In full disclosure, I’m a statistics junkie.
And always have been.
I think I’m one of the few people other than those who
pursue it as a career, who took not one, not two but THREE statistics classes
in college.
Whether it be sports, business, professional services or
some other arcane arena, I file fact and figures away for future reference,
which usually manifests itself in columns such as these or CPE presentations.
Other numericals such as batting averages or yards per
pass attempt are best left for backyard barbecues or cocktail parties.
So as you can imagine, I got a minor thrill when the
AICPA recently released its quadrennial succession survey, an amalgamation of
several hundred slides citing responses from both sole practitioners and
multi-owner firms on a variety of succession-related topics.
In addition to the usual shocking number of firms and
sole owners who have no succession plans or practice continuation agreements in
place, there was one slide buried far deep (#121 to be exact) which showed just
how many firms are now transitioning from the old-school tradition of “eat what
you kill” silo model of operations where each partner operates autonomously to
a one firm model philosophy where the stakeholders are accountable for their
portion of the firm-wide goals.
There are several reasons behind the rapid ushering of
this business model, easier client transition during any succession plan being
chief among them. It also helps eliminate what we call the “Lone Ranger”

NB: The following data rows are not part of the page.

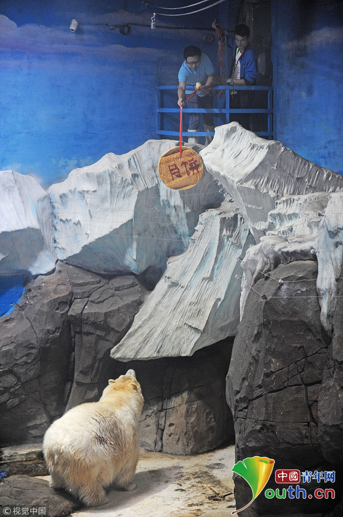 2017年9月29日,武漢海昌極地海洋公園里,北極熊“靜靜”翹首以盼為自己準(zhǔn)備的“專(zhuān)屬月餅”。
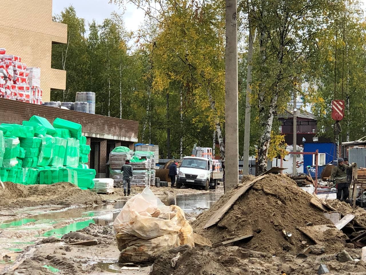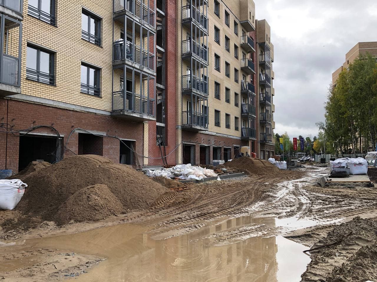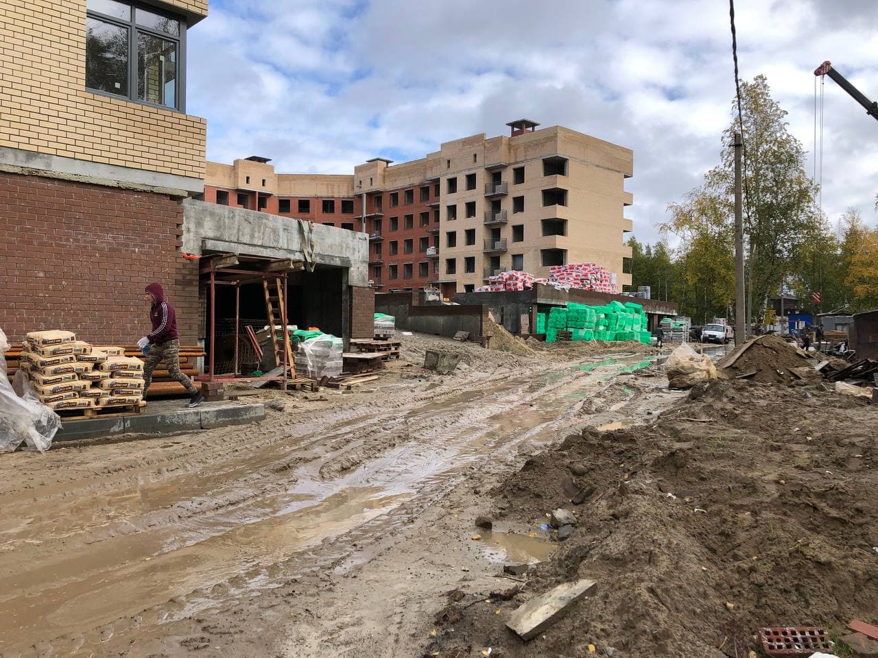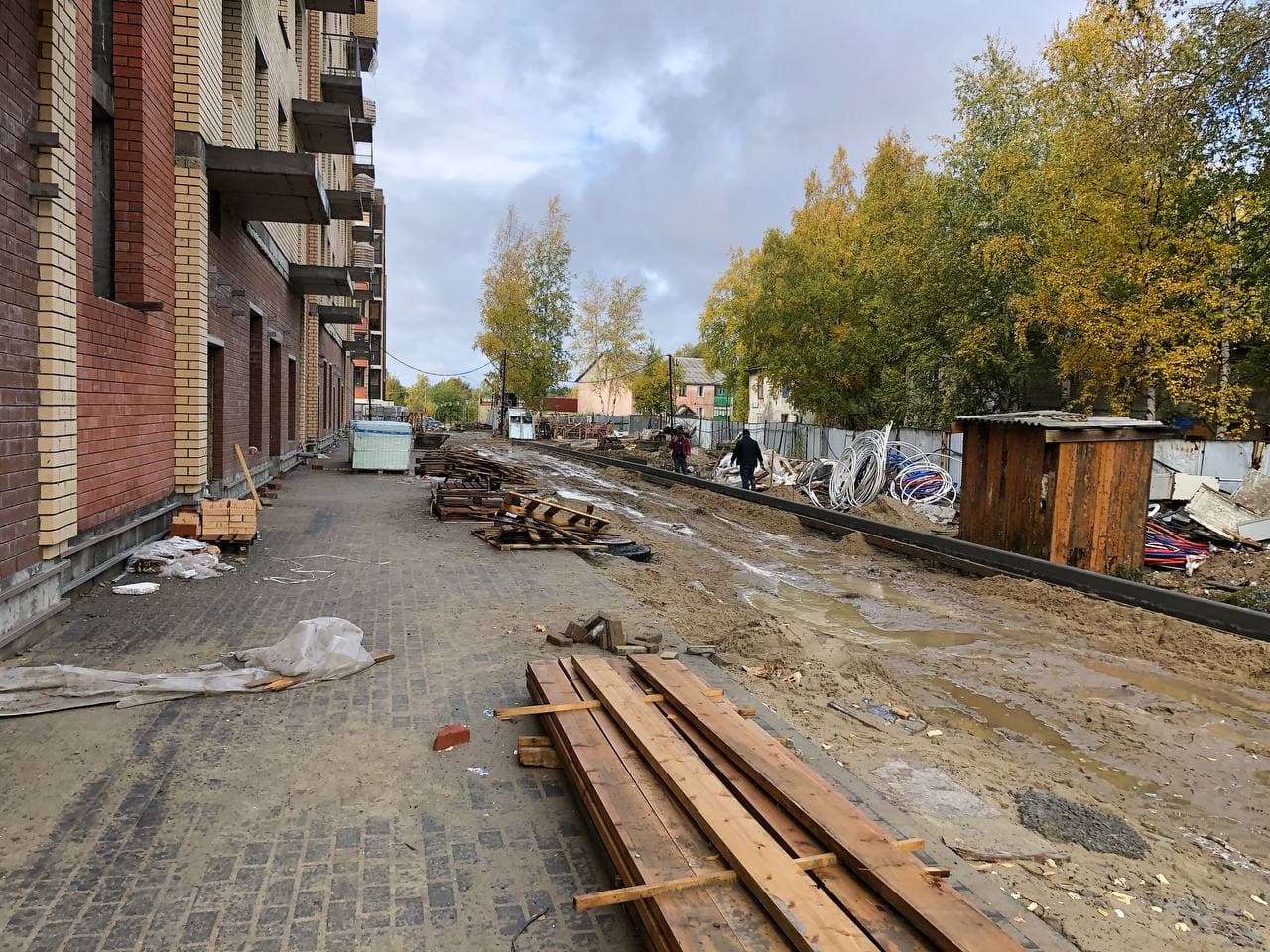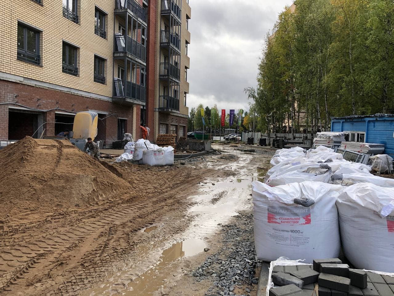 Выполняются работы по благоустройству территории, кладка тротуарной плитки, подготовка под асфальтирование проездов.
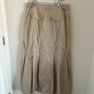 MNG (Mango) Vintage Khaki Maxi Skirt Front and Back Pockets Pleated Back Sz 12
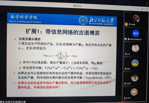 “动态博弈与学习理论”青年学术团队承办的经济学高级研究论坛第190期在腾讯会议平台以线上方式举行。论坛邀请北京师范大学数学科学学院张博宇教授做题为“网络上的演化博弈动态”的学术报告。论坛由辣文
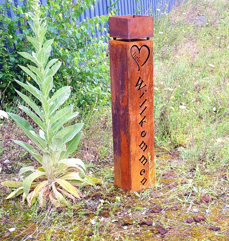 Gartensäule – Herzlich Willkommen - Edelrost
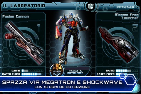 Gioca col grande OPTIMUS PRIME o con l'idolo dei fan, BUMBLEBEE, e impedisci ai diabolici Decepticon di conquistare l'Universo! Distruggi i tuoi nemici in feroci scontri tra robot, o diventa un veicolo e spazza via gli avversari sulla strada. Rivivi le EPICHE ambientazioni del film in 13 intensi livelli – Chernobyl, Atlantic City, Washington D.C., Chicago e persino LA LUNA!
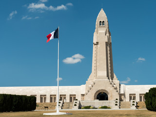 French flag and the Douaumont ossuary near Verdun France
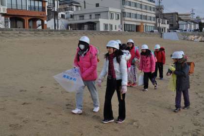 今年は「ウミガメ隊」を結成し,定期的に清掃に取り組んでいます。9月までは,毎週水曜日の登校前にゴミ袋を片手に流木やゴミを集めます。子どもたちが活動することで,海岸は少しずつきれいになっています。しかし,大きく変わったのは海岸だけではありません。一番大きな変化が見られたのはまわりの大人たちのようです。「子どもたちが頑張っているなら」と,今では海岸近くに住む方や,観光協会の方なども参加するようになりました。子どもたちが始めた活動が,島全体に広がりつつあります。
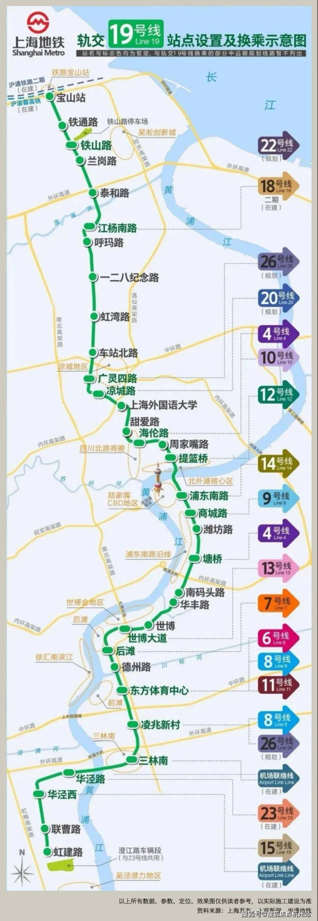 地铁19号线(北段[宝山站 到一二八纪念路]在建,预计2027年通车),直达陆家嘴、北外滩、杨浦滨江,沿途18站全能换乘王,串联宝山、静安、虹口、浦东、徐汇等行政区。
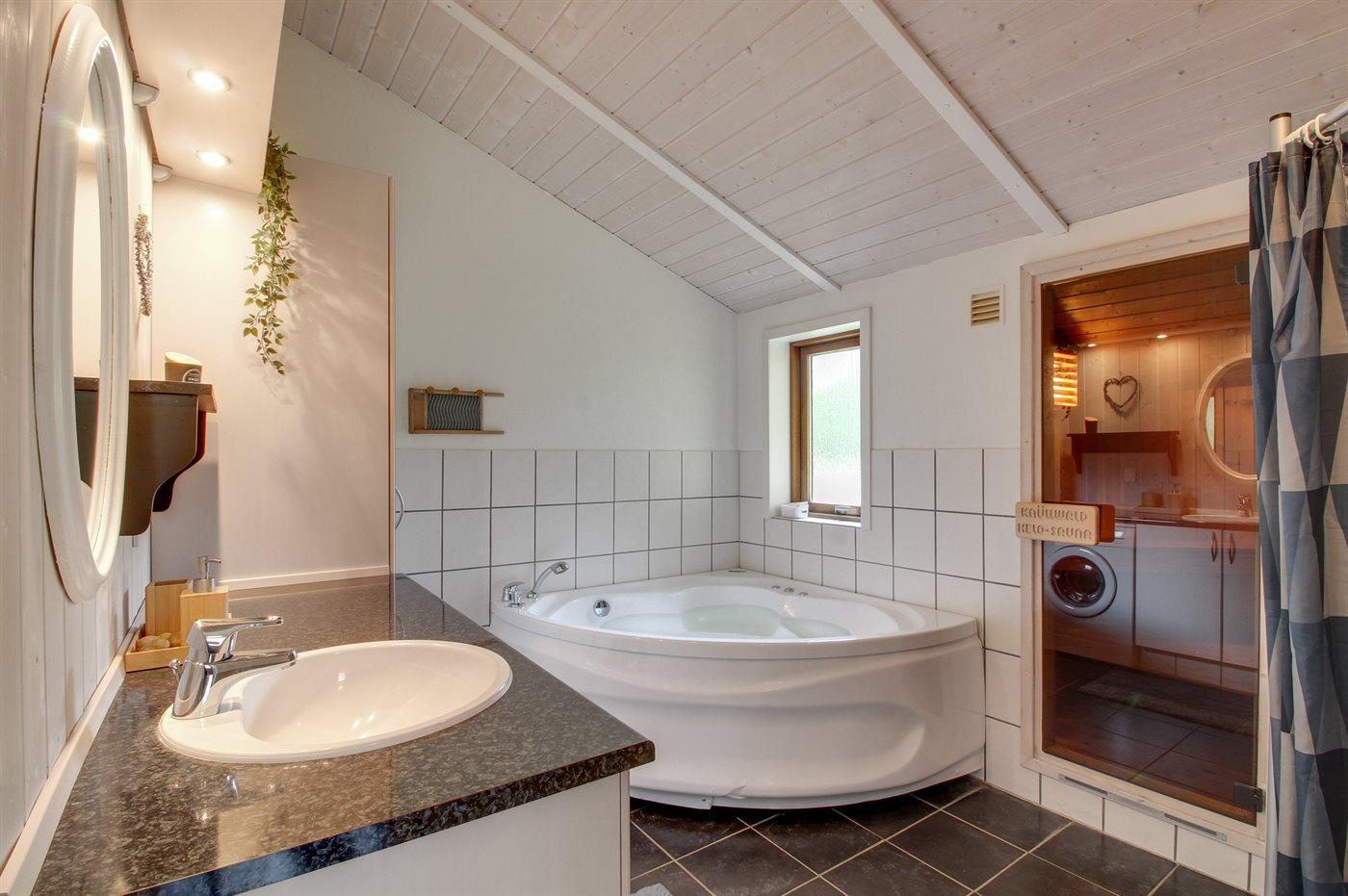 Der er 1 badeværelse med bruseniche og 1 toilet.. Der er gulvvarme på 1 badeværelse. I saunaen er der mulighed for afslapning.

mentality – specifically among the older partners who tend to guard their
individual books like the Secret Service during a Presidential inauguration.
So that being said, according to the AICPA the size and
percentage of the firms moving away from the BOB model plays out thusly:
- From 1-8 FTEs (full time equivalents) 22 percent
- 8-16 FTEs – 36 percent
- 16-26 FTEs – 53 percent
- 26-51 FTEs – 61 percent
- 51-101 FTEs – 47 percent
- 101-201 FTEs – 76 percent
- 201-plus FTEs – 62 percent
The “One Firm”
culture also tends to be more Democratic in terms of governance – i.e “one
partner, one vote,” while governance in an EWYK firm is almost always based on
equity. It also is fairer in terms of
compensation – particularly those who don’t have a book such as the quality
control person.
Mark Twain was
fond of saying “there are lies, damn lies and statistics.”
So whether the
old guard likes it or not, the transformation is here and
here to stay – statistically or otherwise.